In our pre-submission review work, Applied Surface Science rejections usually cluster around three patterns.

The surface story is decorative, not causal. The paper may have strong SEM, XPS, or AFM, but the functional claim does not really depend on the surface findings. Reviewers catch this quickly.

The mechanism is too thin for the confidence of the claim. A paper shows a surface modification and an improved output, but the link between the two is asserted rather than demonstrated.

The manuscript is actually a different journal's paper. Some coating, catalysis, or general materials papers can be made to sound surface-adjacent. But if the core audience is somewhere else, Applied Surface Science is a difficult target.

That is why the journal's official acceptance rate is helpful but not sufficient. The decisive issue is usually whether the science is surface-led in a credible way.

The better submission question

For Applied Surface Science, the better decision question is:

Is the surface or interface the scientific engine of the result, and is the evidence specific enough at the atomic or molecular level to justify that claim?

If yes, the 19% acceptance rate is a serious but realistic hurdle. If no, the number is not the main problem.

Submit if / Think twice if

Submit if:

  • the surface or interface is central to the mechanism
  • the paper genuinely works at the atomic or molecular level of the surface problem
  • the characterization package explains the function rather than just illustrating it
  • the audience is surface-science readers rather than a broader materials audience

Think twice if:

  • the surface data is supporting evidence for a bulk materials story
  • the mechanism is still mostly asserted rather than shown
  • a coatings, catalysis, or broader materials journal is the more honest fit
  • the paper would read almost the same without the surface section

Practical verdict

The official answer is straightforward: Applied Surface Science currently reports a 19% acceptance rate.

The useful answer is:

  • the journal is materially selective
  • the current metrics show a strong, fast-moving venue
  • the real editorial screen is whether the result is authentically surface-led

If you want a reviewer-style read on whether the paper actually behaves like an Applied Surface Science paper before upload, an Applied Surface Science submission readiness check is the best next step.

  1. Applied Surface Science impact factor

Frequently asked questions

Applied Surface Science currently reports a 19% acceptance rate on its Elsevier insights page. That is a live official figure and more useful than broad rumor-based estimates.

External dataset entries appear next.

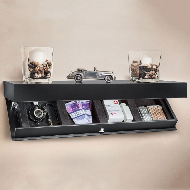Lägg till intriger i ditt hem med en väggmonterad flytande hylla som fungerar som en diskret förvaringslösning. Med sin moderna, minimalistiska design och smart dolda fack, håller den viktiga saker undan samtidigt som den erbjuder en ren, dekorativ känsla för vilket rum som helst.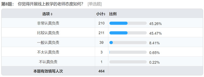 线上学习时,学生遇到经常会遇到各种问题,如没有网络及设备、网络卡顿、学不懂、跟不上进度等,但是教师的教学态度是非常认真的,认为教师的教学态度非常认真的占45.26%,认为教师的态度比较认真负责的占45.47%。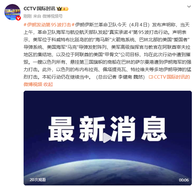 伊朗伊斯兰革命卫队今天(4月4日)发布声明称,当天上午,革命卫队海军与航空航天部队发起“真实承诺4”第95波打击行动。
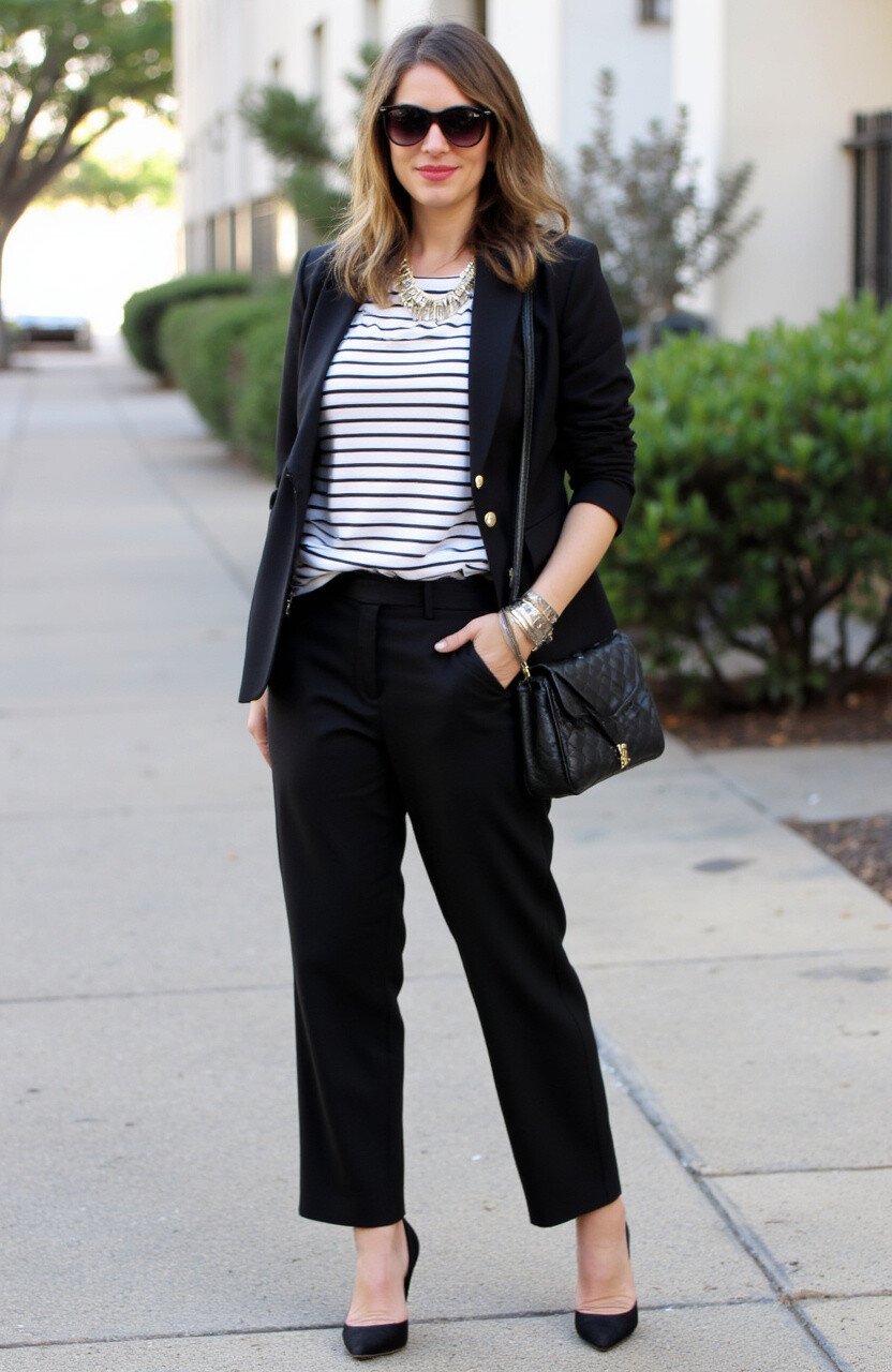 Create a sleek look by pairing your striped top with black trousers and a black blazer. This monochrome style is sophisticated and modern. The stripes add just the right amount of interest.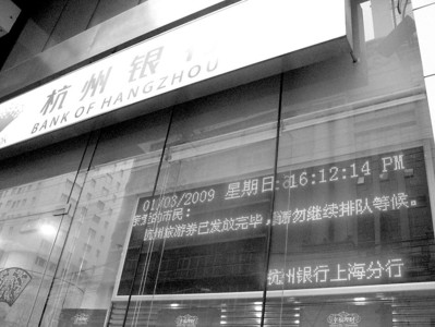 杭州旅游消費券在滬派發(fā)首日再現(xiàn)火爆場面。昨天,在滬通過杭州銀行派發(fā)的3萬份杭州旅游消費券在三個多小時內(nèi)就被爭領一空,過于熱情的市民甚至讓位于九江路上的杭州銀行上海分行一度暫停派發(fā)活動。

Whether the manuscript is genuinely surface-led. The journal's own author note says the work must operate at the atomic or molecular level of material properties using specific surface approaches.

Applied Surface Science currently reports a 2024 impact factor of 6.9, a CiteScore of 13.4, 9 days to first decision, 32 days to decision after review, and roughly 69 days to acceptance.

Applied Surface Science wants the surface or interface to be the scientific engine of the result, not just a characterization layer attached to a bulk materials paper.

A paper with strong materials or application content but a weak surface-science mechanism. If the paper would say almost the same thing without the surface data, the fit is usually weak.

References

Sources

  1. 1. Applied Surface Science insights page
  2. 2. Applied Surface Science guide for authors

Before you upload

Want the full picture on Applied Surface Science?

Scope, selectivity, what editors want, common rejection reasons, and submission context, all in one place.

These pages attract evaluation intent more than upload-ready intent.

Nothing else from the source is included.